Awesome
ffmpeg-to-webrtc
ffmpeg-to-webrtc demonstrates how to send video from ffmpeg to your browser using pion.
How to run it
Open example web page
Copy browser's SDP
In the jsfiddle the top textarea is your browser's SDP, copy that to clipboard.
Windows
cd src
- Paste the SDP into a file
src/SDP.txt
. - Make sure ffmpeg in your PATH and golang is installed.
- Run
go run . <ffmpeg command line options> - < SDP.txt
- Note dash after ffmpeg options. It makes ffmpeg to write output to stdout. The app will read h264 stream from ffmpeg stdout.
- ffmpeg output format should be h264. Browsers don't support all h264 profiles so it may not always work. Here is an example of format that works:
-pix_fmt yuv420p -c:v libx264 -bsf:v h264_mp4toannexb -b:v 2M -max_delay 0 -bf 0 -f h264
.
Put SDP from ffmpeg-to-webrtc into your browser
When you see SDP in base64 format printed it means that SDP is already in clipboard. So you can go to jsfiddle page and paste that into Application SDP text area.

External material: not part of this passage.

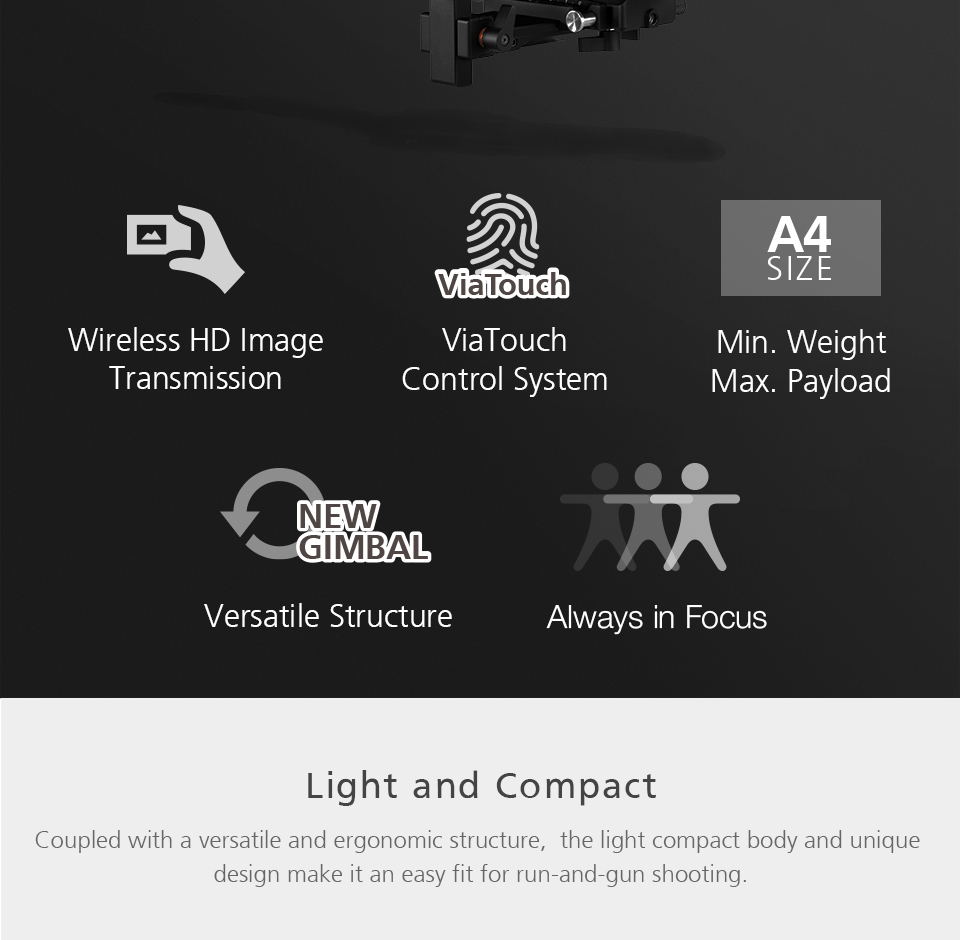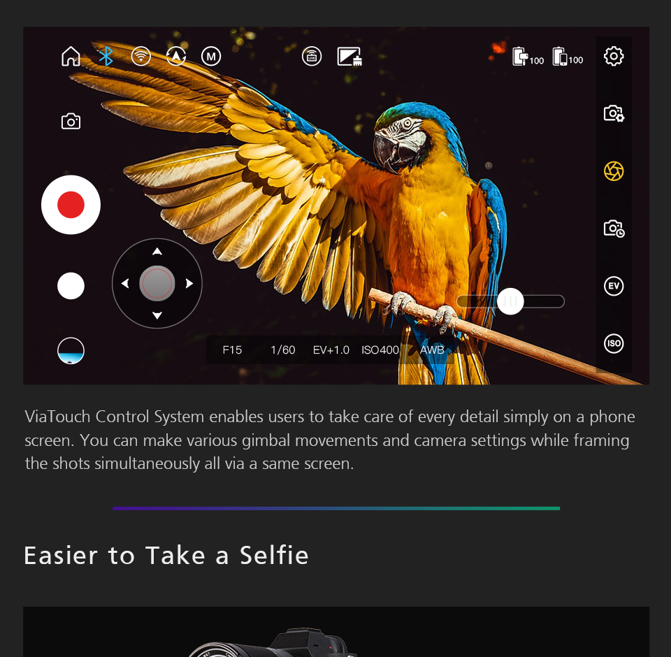 6.The ViaTouch control system enables you to use phone screen to make gimbal movements and adjust camera settings, all while framing the shot.

Hit 'Start Session' in jsfiddle
A video should start playing in your browser below the input boxes.
Examples (windows)
Share camera stream
go run . -rtbufsize 100M -f dshow -i video="PUT_DEVICE_NAME" -pix_fmt yuv420p -c:v libx264 -bsf:v h264_mp4toannexb -b:v 2M -max_delay 0 -bf 0 -f h264 - < SDP
.
There is a delay of several seconds. Should be possible to fix it with better ffmpeg configuration.
To check list of devices: ffmpeg -list_devices true -f dshow -i dummy
.
It is possible also to set a resolution and a format, for example -pixel_format yuyv422 -s 640x480
.
Possible formats: ffmpeg -list_options true -f dshow -i video=PUT_DEVICE_NAME
.
Share screen or window
See .bat
files in src folder
Linux, macOS
Should work on other operating systems, though I haven't tried.